A team of Harvard Law School researchers, working with the digital team of The New York Times, said that a quarter of the deep links in the New York Times article are now rotten, leaving the page completely inaccessible.
They found that this problem affected more than half of the articles containing links in the NYT directory (dating to 1996), which illustrates the problem of link corruption and how difficult the context is to survive on the Web.
The study studied more than 550,000 articles, which contained more than 2.2 million links to external websites. The survey found that 72% of these links are “or point-to specific rather than general websites.
It’s foreseeable that as time passes, links are more likely to be broken: 6% of links in articles in 2018 were inaccessible, while up to 72% of links have expired since 1998. For an example of link corruption that’s been widespread recently, look at what happened when Twitter banned Donald Trump: all the articles embedded in his tweets were messed up with gray boxes.
The team chose The New York Times in part because the newspaper is well-known for its archiving practices, but this doesn’t mean that the New York Times is exceptionally different about link rotation.
Instead, take the recording paper as an example to illustrate the phenomenon that occurs on the entire Internet.
Over time, websites that once provided valuable insights, important background, or evidence of controversial claims through links will be sold or sold, or simply cease to exist, causing links to lead to blank pages, or worse.
BuzzFeed News reported on the underground industry in 2019. The existence of this industry is that customers can pay marketers to find dead links in large media such as The Times or BBC and buy domain names on their own:
They can then use the link to do whatever they want, such as using it to promote a product or hosting a message on the subject of a mocking article.

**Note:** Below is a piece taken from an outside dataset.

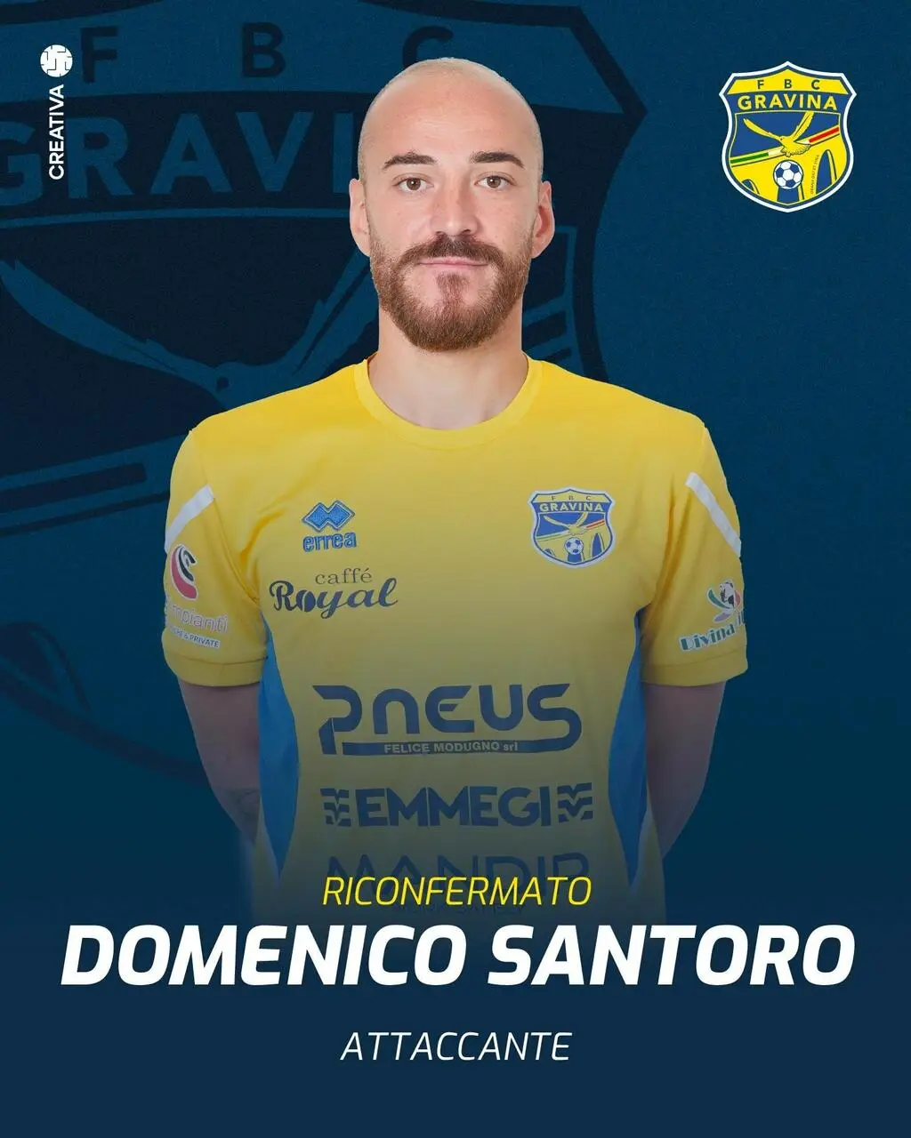 La FBC Gravina comunica la riconferma dell’attaccante Domenico Santoro. Nato a San Giovanni Rotondo nel 1995, il legame fra l’attaccante foggiano e il Gravina è diventato indissolubile grazie alle straordinarie performance realizzate nelle 4 stagioni in maglia gialloblù. Con oltre 50 reti, oltre 100 in carriera, Santoro è il miglior marcatore in serie D della storia del Gravina Calcio. Nella scorsa stagione è andato in rete ben 14 volte, confermandosi bomber di razza.

Link rot not only affects journalism. Imagine if you deleted Rick Astley’s “Never Give Up” video and uploaded the video again. Reddit‘s threads and tweet replies will be countless, which will no longer make sense to future readers. Or imagine if you tried to display the NFT and found that the source link now points to anywhere. What a nightmare.
Some work has been done in trying to preserve the link. For example, Wikipedia requires contributors who write citations to provide links to archived pages on websites such as Wayback Machine if they think the article may change.
There’s also the Perma.cc project, which tries to solve the problem of link corruption in legal citations and academic journals by providing archived versions of pages and links to original sources.
Spreading similar projects there’s unlikely to solve the problem of the entire Internet (including social networks) or even journalists. Until a solution is found, the article will continue to lose more and more context as time passes.
To give a perfect example: our article on link rot, published in 2012, had a source link from the Chesapeake Digital Preservation Group, which now points to page 404.